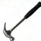
Claw Hammer Tubular Shaft
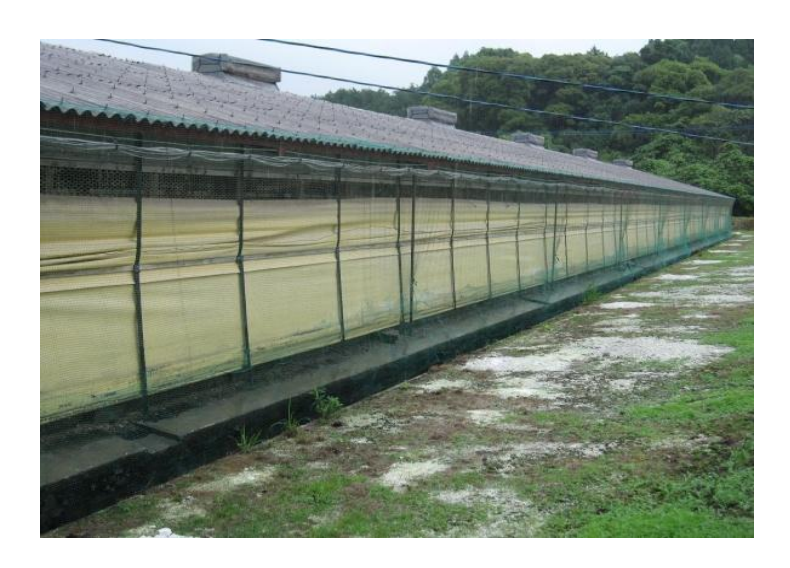
Bird nets surrounding the entire chicken coop.
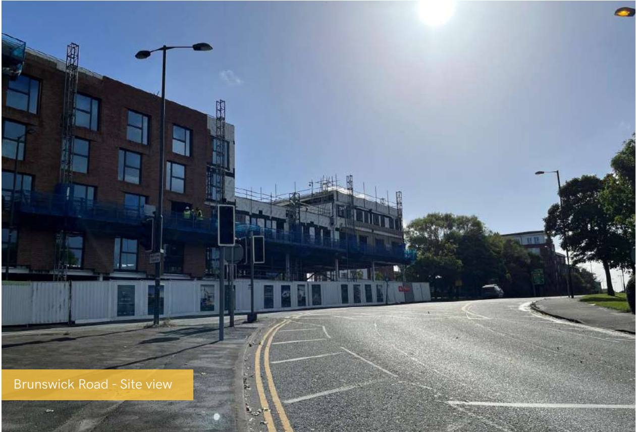
Brunswick Road - Site view
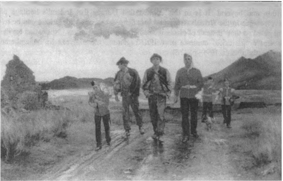
Figure 3.1 'Listed for the Connaught Rangers' (1878) by Lady Butler
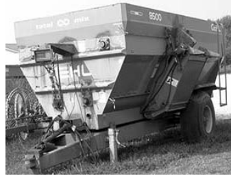
Gehl MF8500 , 500 cu. ft., (4) auger, very nice, $8,950.
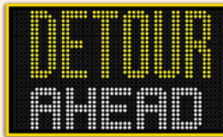
5W X 10H CHARACTER - UP TO 7 ACROSS
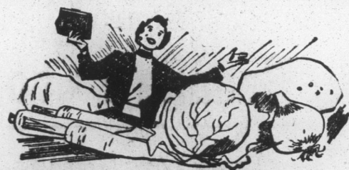
IDEAL FOR SALADS — GOLDEN

SAVE CASH ON A&P FRESH FRUITS AND VEGETABLES
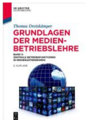
Grundlagen der Medienbetriebslehre Ladenpreis: 29,95EUR
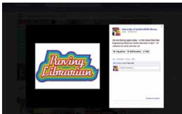
Figure 5.3 Roving Librarian session advertised on the library Facebook page.

tips and apps that may be useful, but to discuss strategies for approaching students. Initial roving sessions were rarely held by a lone librarian, but two or three were encouraged to go together. As staff became more familiar and increasingly comfortable with the roving process, this could be reduced to one staff member.
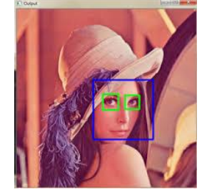
Figure.2 Face and Eye Detection

Feature extraction methods can be characterized as Contour-based and region-based approaches in two classes. Just from the limit and region based approach extricates feature from the whole region can the form based procedure measure the shape feature. Two methods of approach are associated with these methodologies. First is a continuous procedure that doesn't break structure into subparts. To determine the capability vector, it utilizes the necessary limit. Second, the Discrete (Global) Approach separates the limit of the structure into subparts and computes the vector of the multi-layered capability. Computing region, circularity, unconventionality, significant hub direction, and bowing energy are remembered for the Shape descriptor. Famous limit decay techniques are based on polygonal estimation, disintegration of arches and bend fitting utilized in image handling.
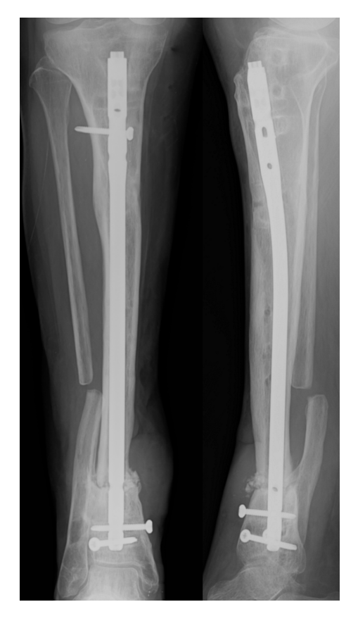
Figure 4. Follow-up X-ray after nail dynamization, in CFRI case report. Failed union at distal tibia with an osteolytic bone cyst in tibia, sclerotic lines around the distal screws.

insidious and heterogeneous onset. As a matter of fact, main Candida hematogenous osteomyelitis manifestations are local pain with confirmatory tenderness, erythema, edema, limitation of functions and movements, draining of pus, or sinus tracts. According to Gamaletsou's review (2012), fever is present only in a small number of patients, the onset is frequently insidious, starting with local symptoms and developing from subacute to chronic course, with a moderate or minimal response of the laboratory inflammation biomarkers.
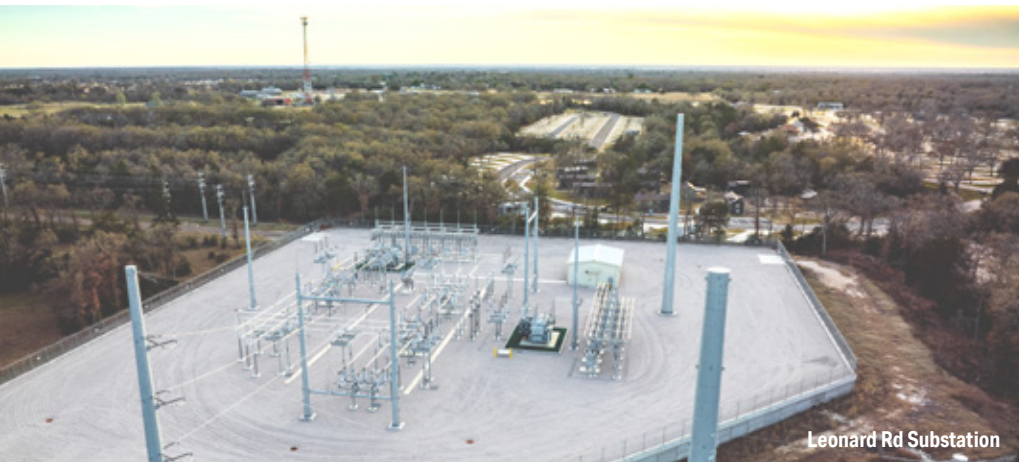
Leonard Rd Substation

The Board approved updates to the BTU Risk Policy as presented by BTU staff.
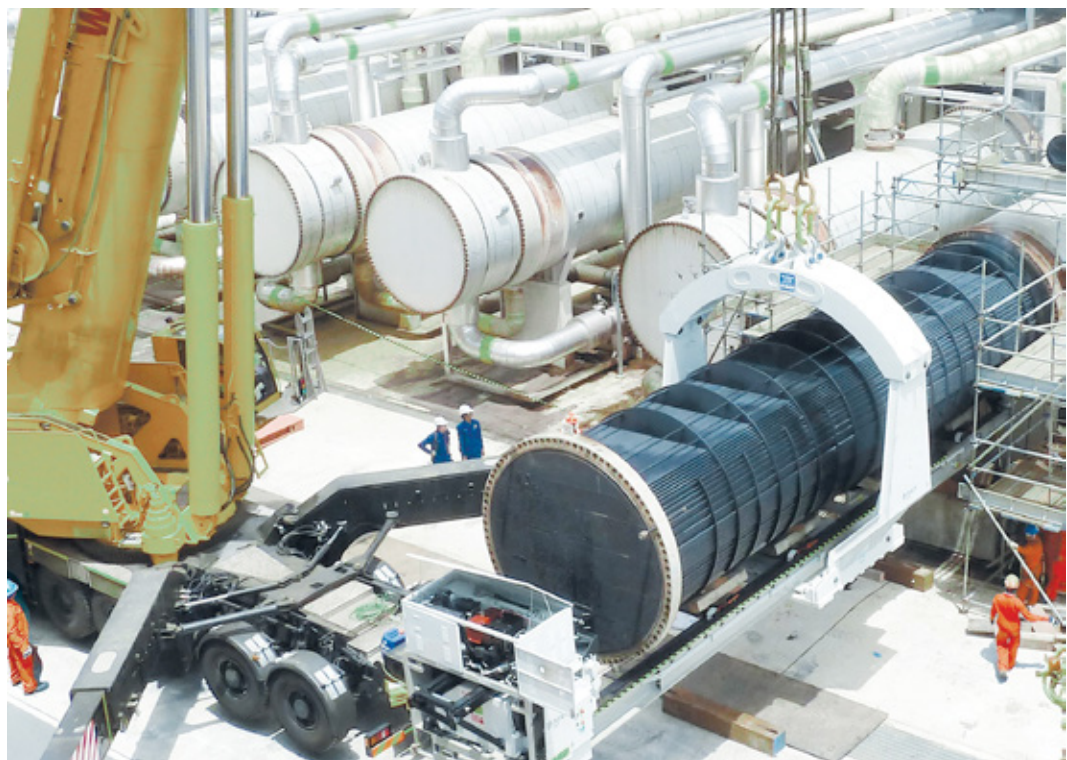
Fig. 3 – MEF express: aerial tube bundle puller

During the extraction and transport operations it is essential that the tube bundle is not damaged or deformed. Maus Italia technical office has years of experience and invests thousands of hours in research and development to study customized solutions for every situation, geometry, size, area and position.
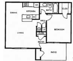
1 bed/1 bath
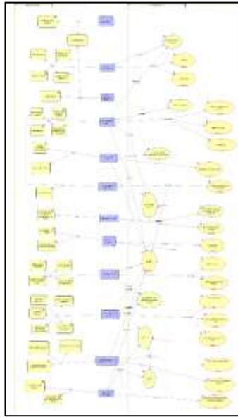
Fig. 2 Yoma Business Model

The technology model represents the technologies used and applied in Yoma. Technology elements can be categorized into three main categories: technology architecture and infrastructure, services and, data. The technology architecture comprises platforms, applications, frameworks, software, and middleware. Platform refers to tools, libraries, and reusable components that facilitate value creation. Applications encapsulate the Yoma web application. Frameworks are software libraries (components, interfaces, and tools) that enable the development of a technological solution. Middleware is software that facilitates the integration of different components within a unified interface, such as the integration of different Yoma components. Services in the Yoma context are user notifications, educational and job onboarding, and a trustful connection. Data do not include the collected information only but also present different varieties for data storage (database, Indy ledgers, user wallets). Fig. 3 shows the Yoma technology model.
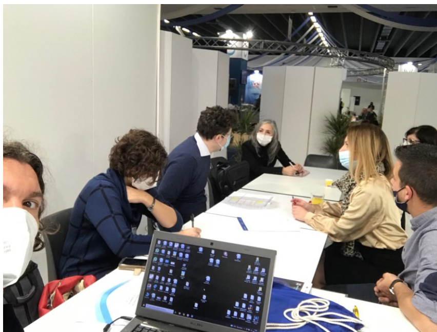
Figure 3 Final event at Sealogy (Ferrara, IT)
______________________________
- [Exercise brief]:
In the lines above, find the word "staff" and copy every line it occurs in.

- [Task output]:
tips and apps that may be useful, but to discuss strategies for approaching students. Initial roving sessions were rarely held by a lone librarian, but two or three were encouraged to go together. As staff became more familiar and increasingly comfortable with the roving process, this could be reduced to one staff member.
The Board approved updates to the BTU Risk Policy as presented by BTU staff.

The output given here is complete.